The purpose of this paper is to describe the role of vocal-tract length in speech communication, and to illustrate the concepts with the developmental data of (Lee et al., 1999). A companion paper presents A simple, formant-pattern model of speech communication which illustrates the importance of size in communication sounds: the size of the speaker, the length of their vocal tract, and the lengths of the formant cavities. Together these papers suggest that models of VTL normalization need not be excessively complex, provided care is taken to include stochastic representations of the variables
Roy Patterson , Jessica Monaghan, Tom Walters
The Concept of a Latent Acoustic Scale Variable in Developmental Formant Data
In the formant pattern model of speech communication, it is assumed that children learn to control their speech sounds around age three, and thereafter, the auditory part of their brain constantly monitors their speech sounds and adjusts the cavity sizes to produce the appropriate formant pattern for each vowel. On a logarithmic wavelength axis, the formant pattern remains fixed as the child grows, and it is only the position of the pattern that changes with VTL. Moreover, the position shifts linearly with the logarithm of VTL as the child matures. There have been longitudinal studies of the development of children, but none of these longitudinal studies has included recordings of the children's speech in conjunction with measurements of their vocal tract length. Indeed, there are no longitudinal population studies which include either recordings of children's speech or measurements of their vocal tract lengths. There are several reasons for this: Chief among them is the fact that it is very difficult to run a longitudinal study with a substantial number of individuals lasting five years, let alone the 15 years that would be required to track speech development from say 3 to 18. If the population were represented by even 100 males and 100 females, the costs would be prohibitive; it is only medical trials that are perceived to warrant the necessary resources. Secondly, the labelling of speech data is labour intensive because it is difficult to measure formant frequencies accurately. There is an automatic technique for formant extraction involving LPC analysis, but it is error prone (Lee et al., 1999; Turner et al., 2009). Thirdly, it is very difficult to measure vocal tract length accurately; the tube has a complex shape which is defined on one side by the tongue which takes on many shapes. Moreover, the internal end of the tube is not visible under normal conditions. Until recently, the techniques that did exist for observing the vocal tract involved significant doses of radiation which would have precluded longitudinal studies which require repeated measurements on a large population of naïve volunteers. So it is not surprising that there are no longitudinal population studies detailing variation in formant frequency as a function of vocal tract length. The question, then, is ‘What data are there?’ and ‘What can they tell us about variation in formant frequency as a function of vocal tract length?’

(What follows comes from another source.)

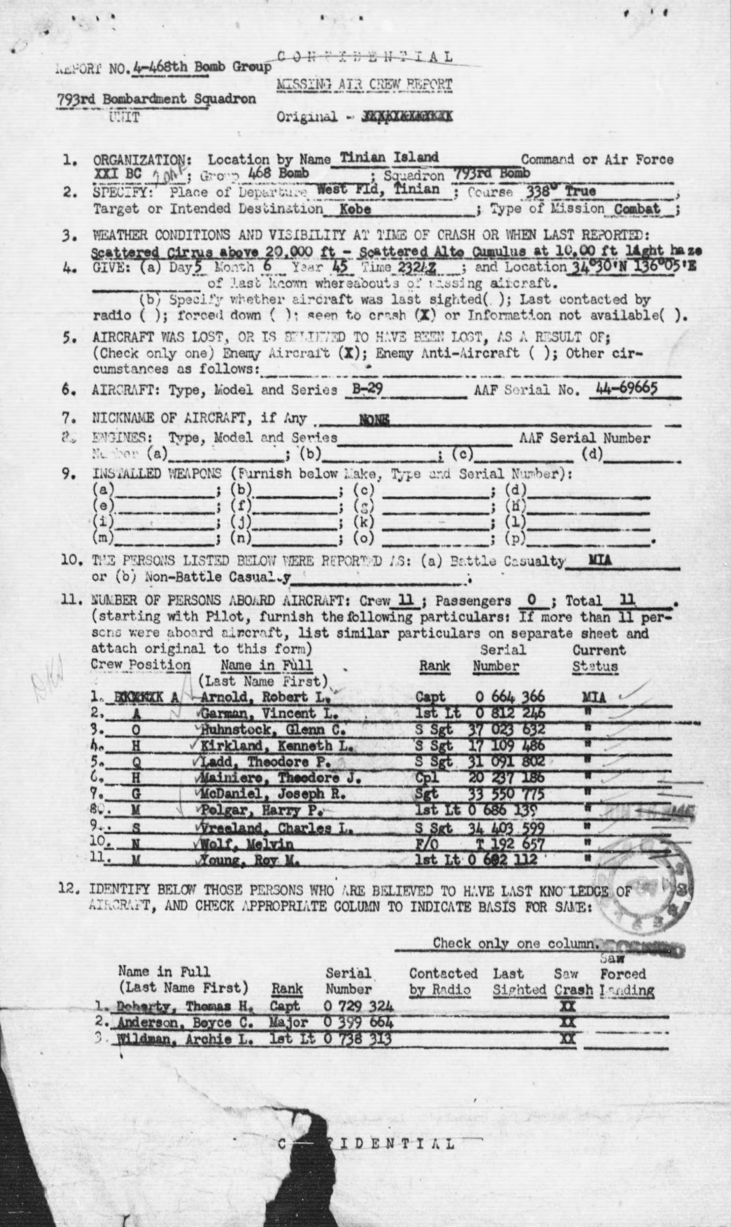 69665 was shot down by Japanese fighter June 5, 1945 over Shorenji Nabari City Mie, Japan, while on mission to Kobe. MACR 14390. 2 Crew were KIA, 9 bailed out and became POW. 3 Died in captivity and 6 were executed.

Note that the figures in the document start with number 4. This will be sorted when time permits. RP]
Vocal tract length as a function of height
There is one developmental, albeit not longitudinal, study of vocal tract length by (Fitch and Giedd, 1999); they used magnetic resonance imaging (MRI) to record the anatomy of the vocal tract. The study included 129 subjects (76 males and 53 females) varying in age from 2.8 to 25 years. Great care was taken to define a reliable means of estimating vocal tract length, and subjects who were overweight or whose families had a history of language or developmental disorders were excluded. Figure 4 shows the resulting VTL values plotted as a function of height, separately, for the males (o) and females (+). Within each group, there is a reasonable distribution of subjects across the height range; there are proportionately more men at the tallest heights because, on average, males eventually grow taller than females. The lines show the best fitting linear growth functions for the two sub-populations; the rate of growth is 0.0708 and 0.0611 for the males and females, respectively. The correlation coefficients are 0.8950 and 0.7755, respectively, for the males and females. The correlation coefficients make it clear that there is no doubt that VTL increases with height for both males and females. At the same time, the variability of the data precludes more detailed analysis concerning questions such as whether the rate of growth of VTL is significantly greater for males, and whether the rate changes at puberty. (Turner et al., 2009) used an estimation-maximization technique to determine whether a polynomial with a quadratic term would provide a substantially better fit to the data, taking into consideration the fact that it includes an extra free parameter; the analysis indicated given the variability of the data, a linear fit was a better choice. (Fitch and Giedd, 1999) included a somewhat controversial questionnaire in their study designed to ascertain whether their males had passed the age of puberty, and based on the results they concluded that the rate of growth of the vocal tract does increase at puberty in males. However, in the absence of data on the sexual maturity of individuals, the population statistics do not distinguish males and females with regard to vocal tract length, except insofar as males eventually grow taller than females, on average, and hence, on average, adult males have longer vocal tracts than adult females.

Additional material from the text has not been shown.